STF

07 . 08 . 2025

Tema: Incidência da regra da anterioridade anual e nonagesimal na cobrança do ICMS com diferencial de alíquota (DIFAL) decorrente de operações interestaduais envolvendo consumidores finais não contribuintes do imposto, após a entrada em vigor da Lei Complementar 190/2022 – Tema 1266 da repercussão geral.
RE 1426271 – ESTADO DO CEARÁ x ABC ATACADO BRASILEIRO DA CONSTRUCAO S.A – Relator: Ministro Alexandre de Moraes.

Foi suspensa a análise do Tema 1266 da repercussão geral, que trata sobre a aplicação das regras da anterioridade anual e nonagesimal na cobrança do ICMS com diferencial de alíquota (DIFAL) em operações interestaduais destinadas a consumidores finais não contribuintes do imposto, após a entrada em vigor da Lei Complementar nº 190/2022.
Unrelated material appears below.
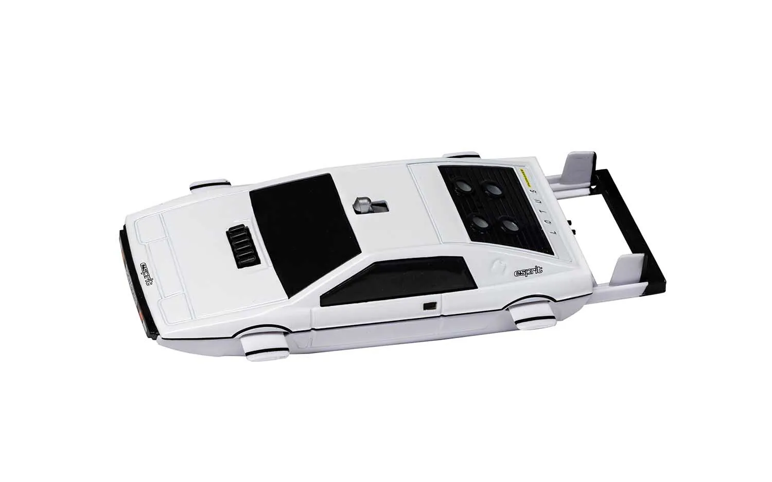 The submersible Lotus Espirit was realised onscreen in ‘The Spy Who Loved Me’ through both miniature special effects photography and the construction of a full size operational incarnation, built by Florida based marine engineers. The submarine was formed from an Espirit body shell supplied by Lotus, with the addition of four propellor units, ballast tanks and power provided by batteries sealed in a water-tight compartment. During filming in the crystal-clear waters of the Bahamas, the craft was operated from within by a former Navy SEAL dressed in full scuba diving gear.
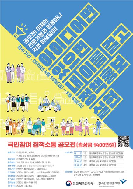 문화체육관광부(장관 박양우)는 각 부처 정책 담당자들이 국민과 함께 정책을 직접 홍보하는 ?국민참여 정책소통 공모전(4. 10.~5. 6.)’을 진행한다.

O ministro Nunes Marques, que cancelou o seu pedido de destaque, apresentou voto acompanhando integralmente a proposta redigida pelo ministro Alexandre de Moraes, convencionando-se pela validade da cobrança do DIFAL a partir de 4 de abril de 2022, conforme previsto no artigo 3º da Lei Complementar 190/2022. O ministro também declarou a constitucionalidade das leis estaduais e distritais que regulamentaram o DIFAL entre a promulgação da Emenda Constitucional 87/2015 e a vigência da referida lei complementar, desde que compatíveis com esta, produzindo efeitos apenas a partir de sua entrada em vigor.

O vistor acolheu também a redação das teses propostas pelo ministro relator:

I – É constitucional o artigo 3º da Lei Complementar nº 190/2022, que estabelece vacatio legis correspondente à anterioridade nonagesimal prevista no artigo 150, III, “c”, da Constituição Federal;

II – As leis estaduais editadas após a Emenda Constitucional nº 87/2015 e antes da vigência da Lei Complementar nº 190/2022, que instituíram a cobrança do DIFAL nas operações e prestações destinadas a consumidor final não contribuinte do imposto, são constitucionais, mas produzem efeitos somente a partir da entrada em vigor da referida lei complementar.

Inaugurando divergência, o ministro Flávio Dino compreendeu ser importante levantar um terceiro item para a tese, com o objetivo de modular os efeitos da decisão aos contribuintes que ajuizaram ação judicial. Nesse prisma, não seria admissível a exigência do DIFAL para os contribuintes que, até a data do julgamento da ADI 7066 (29/11/2023), tenham questionado judicialmente a cobrança e que tenham deixado de recolher o tributo naquele exercício.

Relembre-se que o Supremo, ao apreciar a ADI 7066, definiu que o recolhimento do Diferencial de Alíquota do Imposto sobre Circulação de Mercadorias e Serviços sobre operações destinadas ao consumidor final deve valer sobre transações ocorridas 90 dias após a data da publicação da Lei Complementar 190/2022, que o regulamentou.

Por compreenderem de igual modo, os ministros André Mendonça e Luiz Fux acompanharam a proposta de modulação formulada pelo ministro Flávio Dino.

Entretanto, em linha diversa, o ministro Edson Fachin votou pelo não acolhimento do pleito do Estado de São Paulo, por entender que a alteração legislativa em análise resultou em aumento da carga tributária e, assim sendo, deve, necessariamente, observar ambas as regras de anterioridade: anual e nonagesimal.

Salientou que a jurisprudência da Corte é firme no sentido de que qualquer medida que corresponda à instituição e/ou aumento do ônus tributário deve, necessariamente, observar o princípio da anterioridade do exercício, independentemente do veículo legislativo que a introduz. Assim, a Lei Complementar em matéria tributária, de igual modo, deve observar ambas as regras da anterioridade tributária, sobretudo quando dispõe acerca do DIFAL, que corresponde a autênticas regras de atribuição de competências tributárias aos estados destinatários das operações de circulação de mercadorias para consumidor final não contribuinte.

Por fim, o ministro Edson Fachin apontou que, caso seja vencido no mérito, acompanha o ministro Flávio Dino para modular os efeitos da decisão.

O julgamento foi suspenso em virtude do pedido de vista formulado pelo ministro Roberto Barroso.